EXERCISE BRIEF
Copy only the lines between the one containing "(张海艳 郑州市中心医院 全科医学科 主管护师)" and the end of the records, both included, leaving out pictures.

DATA FOR THIS TASK
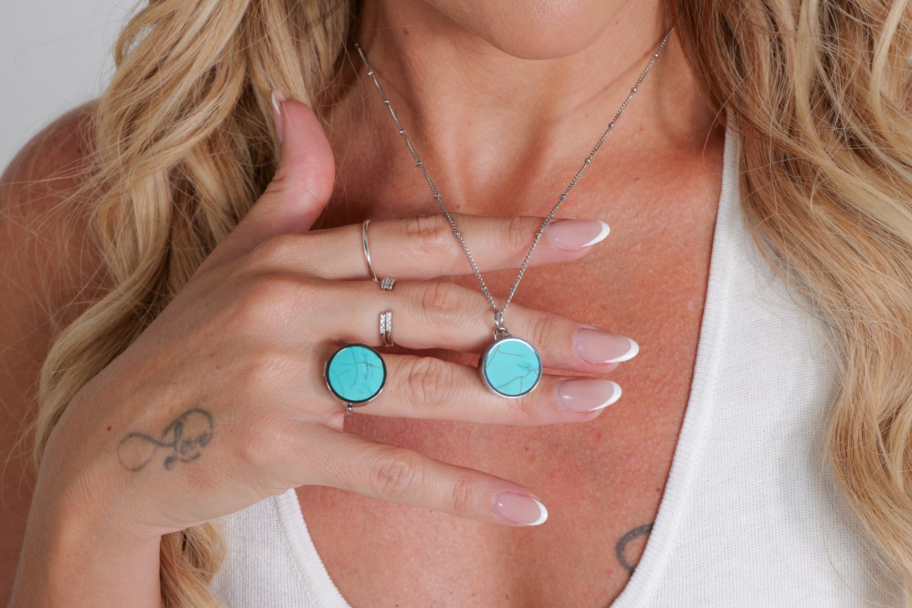 CMA Turquoise Lip Balm Ring in Stainless Steel
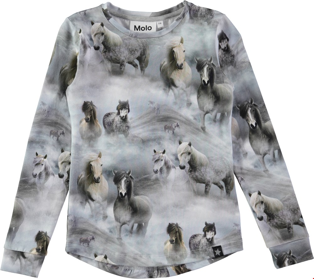 Schönstes Langarm-Shirt von Molo mit wunderschönem Pferde-Foto-Print allover.
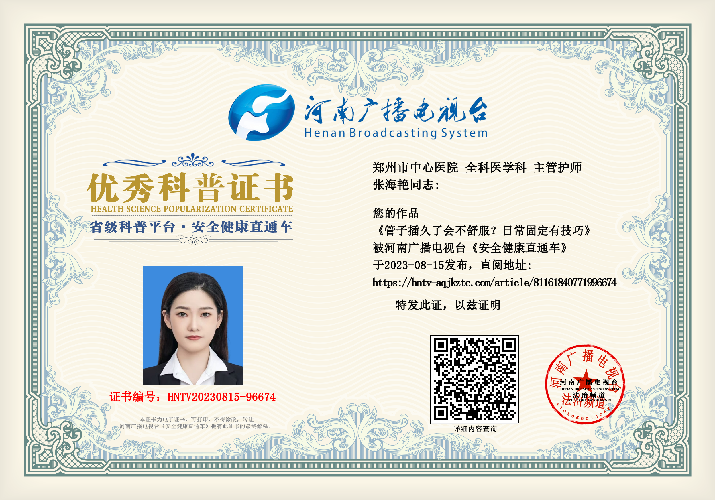 (张海艳 郑州市中心医院 全科医学科 主管护师)
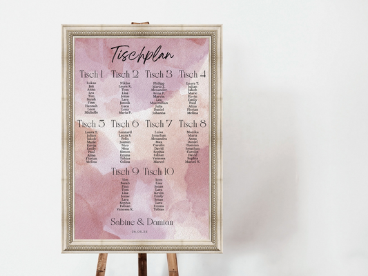 Personalisierter Hochzeits Sitzplan - Leinwand , Poster - Glamour , rosa EMILY
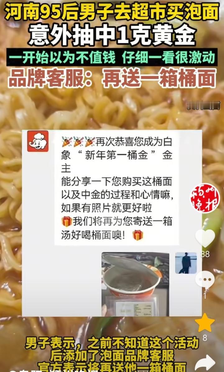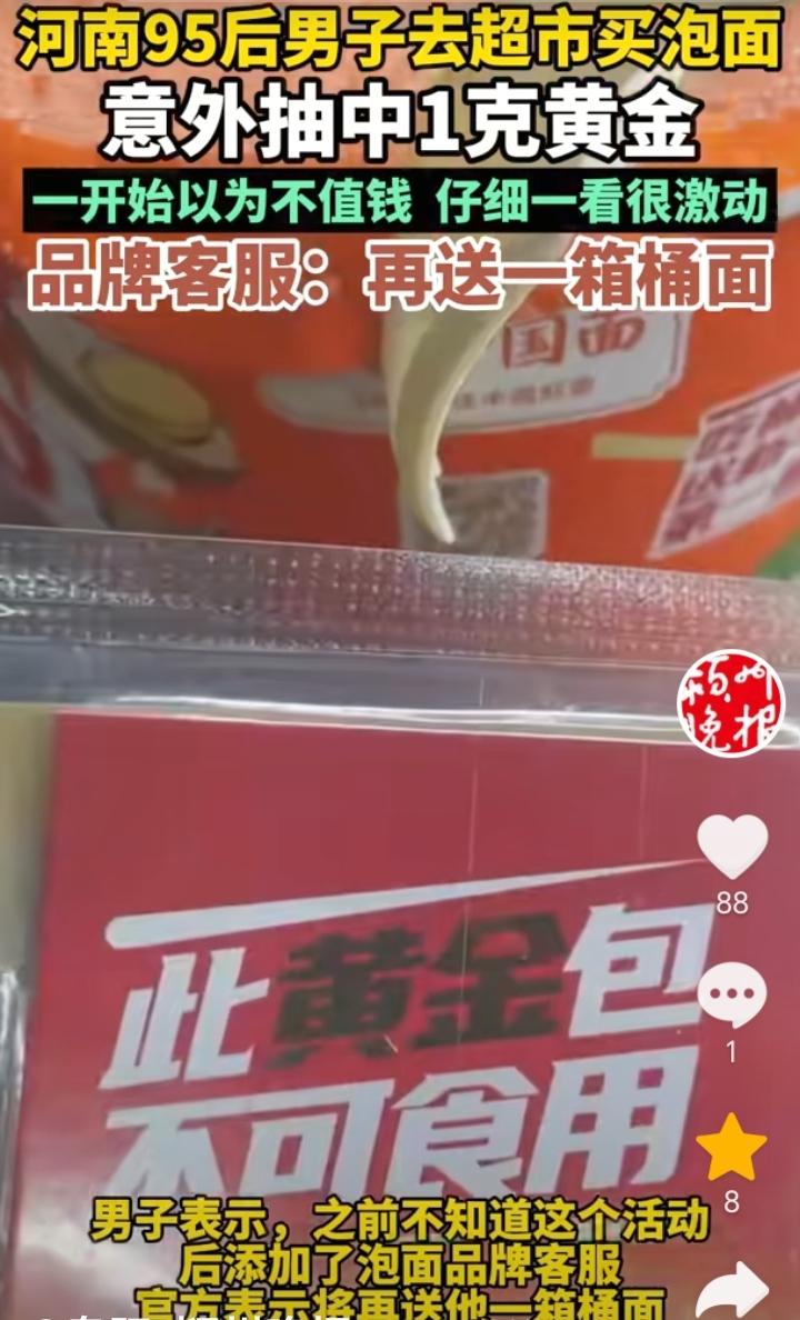“意外的惊喜”!河南,95后男子去便利店随便买了一桶白象泡面,打开后发现“料包”里面含有1克黄条,男子当时很震惊,以为是那种0.001克金箔纸,仔细一看是一克的金条。 男子表示,当时不知道方便面有这个“新年第一桶”活动,后来添加了泡面品牌客服,官方表示在送自己一箱桶面。 真是意外的惊喜,本想买一桶泡面填饱肚子,结果没有想到抽中了一克金条,惊喜来的也是太突然了。 真是世事无常,可能知道有这活动的人会专门去买,就想买到有黄金的那桶,这样反而还买不到,男子不知道结果随便买就抽中了,真是运气来了挡都挡不住。 黄金价格大涨,现在一克就是一千多元,表面看是男子赚了,品牌方赔了,实则这对于品牌方来说才是赚麻了,无形中打了一波广告,这是一个双赢的局面。
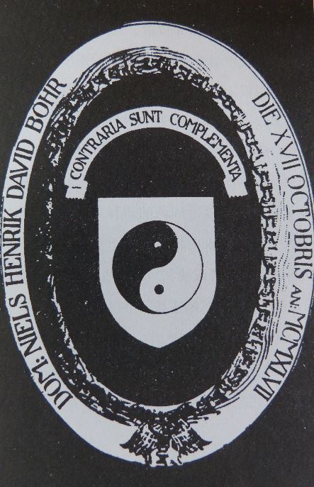 无独有偶。让我们回到80年前。对于东方文化一直关注的玻尔,在提出量子物理的“互补原理”之后,于1937年访问了中国,古代中国关于对立两极的概念给他留下了深刻的印象。十年之后,由于玻尔对于丹麦文化的杰出贡献而被封爵,当他必须为自己的礼仪罩袍选择一个适当的图案时,他选定了中国的“太极”图,这个图形象征着阴阳两极的对立而互补的关系,玻尔在图案上题词“对立物是互补的”(Contraia sunt complementsa),来表示他认可东方古老的智慧与西方的物理学之间深刻的和谐一致。[5]
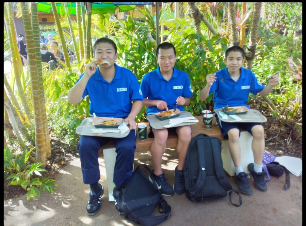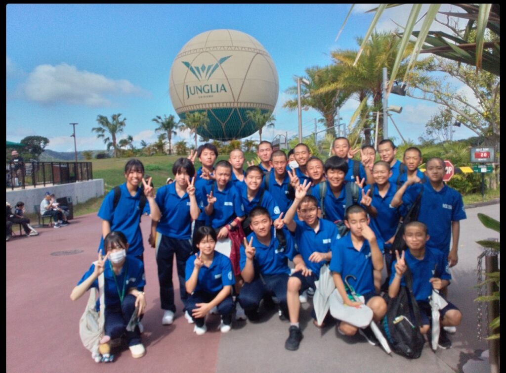 2025年11月06日 中学校 修学旅行2日目② 「ジャングリア」ではヤンバルクイナのショーで「大分の有名な食べ物は?」と聞かれて、「鳥天です!」と答え、会場が大爆笑になりました♪ ホテル到着後は近くのビーチで大撮影会。どんな写真が撮れたか楽しみです(^^)

ANSWER TO THIS TASK
 (张海艳 郑州市中心医院 全科医学科 主管护师)
 Personalisierter Hochzeits Sitzplan - Leinwand , Poster - Glamour , rosa EMILY
“意外的惊喜”!河南,95后男子去便利店随便买了一桶白象泡面,打开后发现“料包”里面含有1克黄条,男子当时很震惊,以为是那种0.001克金箔纸,仔细一看是一克的金条。 男子表示,当时不知道方便面有这个“新年第一桶”活动,后来添加了泡面品牌客服,官方表示在送自己一箱桶面。 真是意外的惊喜,本想买一桶泡面填饱肚子,结果没有想到抽中了一克金条,惊喜来的也是太突然了。 真是世事无常,可能知道有这活动的人会专门去买,就想买到有黄金的那桶,这样反而还买不到,男子不知道结果随便买就抽中了,真是运气来了挡都挡不住。 黄金价格大涨,现在一克就是一千多元,表面看是男子赚了,品牌方赔了,实则这对于品牌方来说才是赚麻了,无形中打了一波广告,这是一个双赢的局面。
 无独有偶。让我们回到80年前。对于东方文化一直关注的玻尔,在提出量子物理的“互补原理”之后,于1937年访问了中国,古代中国关于对立两极的概念给他留下了深刻的印象。十年之后,由于玻尔对于丹麦文化的杰出贡献而被封爵,当他必须为自己的礼仪罩袍选择一个适当的图案时,他选定了中国的“太极”图,这个图形象征着阴阳两极的对立而互补的关系,玻尔在图案上题词“对立物是互补的”(Contraia sunt complementsa),来表示他认可东方古老的智慧与西方的物理学之间深刻的和谐一致。[5]
 2025年11月06日 中学校 修学旅行2日目② 「ジャングリア」ではヤンバルクイナのショーで「大分の有名な食べ物は?」と聞かれて、「鳥天です!」と答え、会場が大爆笑になりました♪ ホテル到着後は近くのビーチで大撮影会。どんな写真が撮れたか楽しみです(^^)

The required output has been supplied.